Tuesday, December 09, 2008

But Hey: Nightclubbing (Part 4)

Suddenly Walt comes into the picture. I can tell he saw me from the dance floor, because he's running towards me, sweating horribly all over the place. He has a glass of rum and coke on his left hand ("always grab your drink with your left hand, that way you can touch the bitches with your right one", the fucker always says, like if he wanted to be quoted by important scholars in the future. Dicklicker), and he jumps right in front of me. I can tell he doesn't even notice Lauren. And what does he say? (And yes, I can tell he's being doing blow all night, just by the way he's screaming. Screaming so much, even Marty can hear the fucker).
"Guess who's here tonight? And she's looking as hot as ever, man".
I wanna die. Right before he speaks I actually think of saying: "Lauren? She's right here WITH ME, MOTHER FUCKER". But it's too long a sentence, and he just goes right out and says it.
"RENEE... FUCKING..." and he’s doing this stupid 360 degrees turn he always does when he's terribly excited (and powdered up). The funny thing is - yes, "funny" - he stops at 180 degrees right when he has Lauren in front of him.
"... Sterling".
I'm dead.

“Hi, Lauren”, Walt says, and Lauren is silent as fuck. She looks at me and starts heading into the dance floor. I grab her arm, and she gives me that look.
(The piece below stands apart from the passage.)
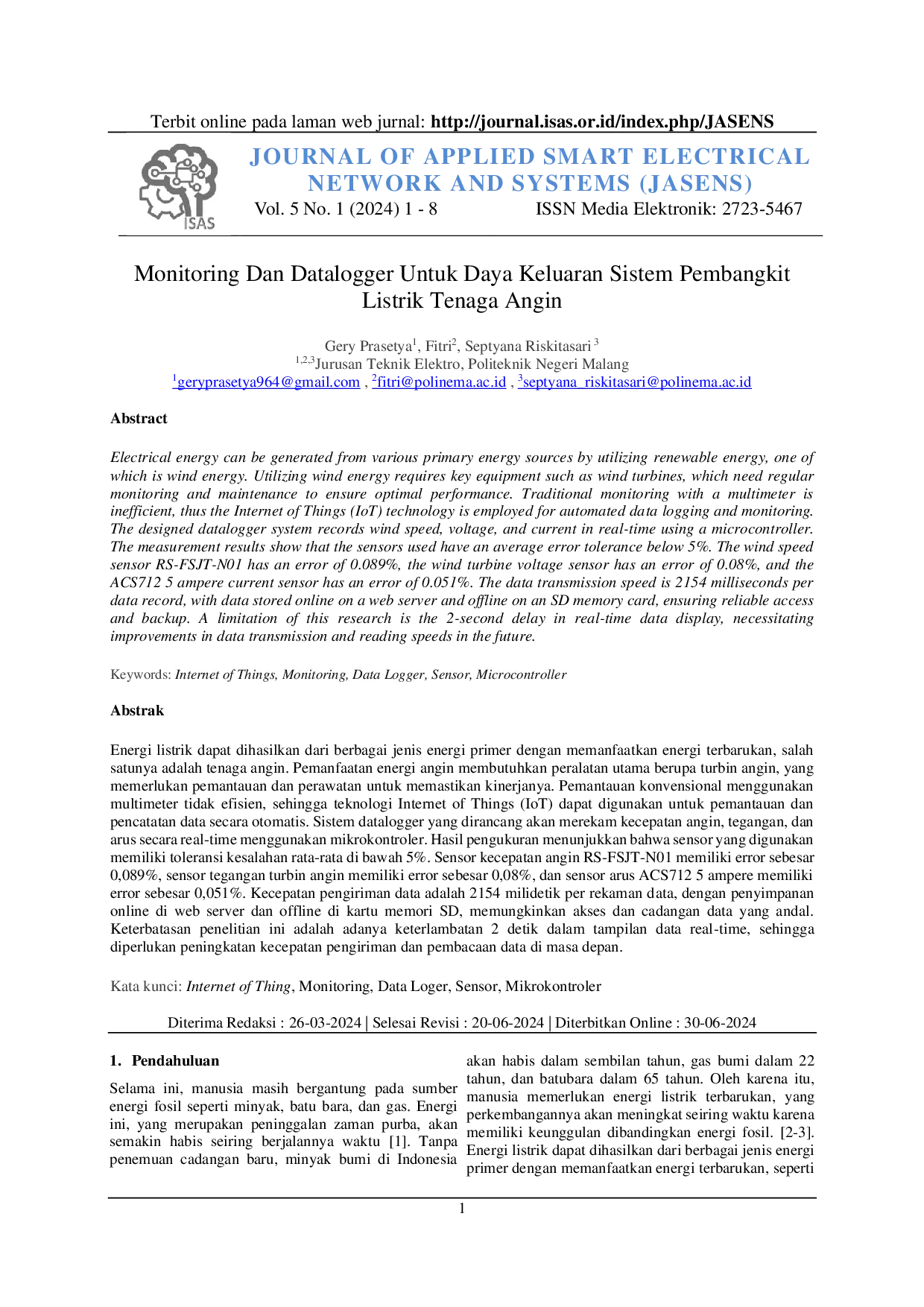 Journal of Applied Smart Electrical Network and SystemsJournal of Applied Smart Electrical Network and SystemsEnergi listrik dapat dihasilkan dari berbagai jenis energi primer dengan memanfaatkan energi terbarukan, salah satunya adalah tenaga angin. Pemanfaatan energi angin membutuhkan peralatan utama berupa turbin angin, yang memerlukan pemantauan dan perawatan untuk memastikan kinerjanya. Pemantauan konvensional menggunakan multimeter tidak efisien, sehingga teknologi Internet of Things (IoT) dapat digunakan untuk pemantauan dan pencatatan data secara otomatis. Sistem datalogger yang dirancang akan merekam kecepatan angin, tegangan, dan arus secara real-time menggunakan mikrokontroler. Hasil pengukuran menunjukkan bahwa sensor yang digunakan memiliki toleransi kesalahan rata-rata di bawah 5%. Sensor kecepatan angin RS-FSJT-N01 memiliki error sebesar 0,089%, sensor tegangan turbin angin memiliki error sebesar 0,08%, dan sensor arus ACS712 5 ampere memiliki error sebesar 0,051%. Kecepatan pengiriman data adalah 2154 milidetik per rekaman data, dengan penyimpanan online di web server dan offline di kartu memori SD, memungkinkan akses dan cadangan data yang andal. Keterbatasan penelitian ini adalah adanya keterlambatan 2 detik dalam tampilan data real-time, sehingga diperlukan peningkatan kecepatan pengiriman dan pembacaan data di masa depan.

Now, when we see in the movies that the guy grabs the woman by the arm, you can sense she kinda likes it, she really enjoys this manly beast stopping her. Not with Lauren. Actually not with any woman I know. Do not do this in real life. Anyway. So Lauren just lets me know with her killing look that I should probably let go of her arm, and that I do. Before she keeps going her way, she says in a very soft and quiet voice that she’s going to the bathroom. How I understood her, I have no fucking clue. I think of Marty and how he reads lips. Who knows, maybe I should be a fucking bartender. So I turn back to Walt, who has a face that says he KNOWS he has fucked up but doesn’t give a damn.
“Oops”, he says.
“Oops indeed, shit-for-brains”, I answer back.
I just forget the whole thing. There’s actually nothing to do about it.
“Who did you come with?”, I ask Walt, drinking my vodka tonic.
“Just some of the guys. Mark, Robbie, the Panda”.
“The Panda’s here?”, I ask surprised. I haven’t seen the Panda since he got his father’s much younger wife pregnant. But I do not want to spend the night talking to the Panda. Fuck the Panda. He might be Walt’s best friend, but I never really liked the guy. He’s just fun to be around, that’s all.
“Where the fuck’s the Panda, man? I gotta talk to that son of a bitch”, I lie.
Walt points to the dance floor, and yes, how could I not have noticed him before? There’s the mother fucking Panda. Big boy Panda. Extremely hard not to notice the prick, with his size and all. Look at him, doing his Michael-Jackson-on-crack dance. Shit, motherfucker hasn’t changed a bit. I turn around and head the other way, but who’s standing in front of me? This night is too weird. Alright.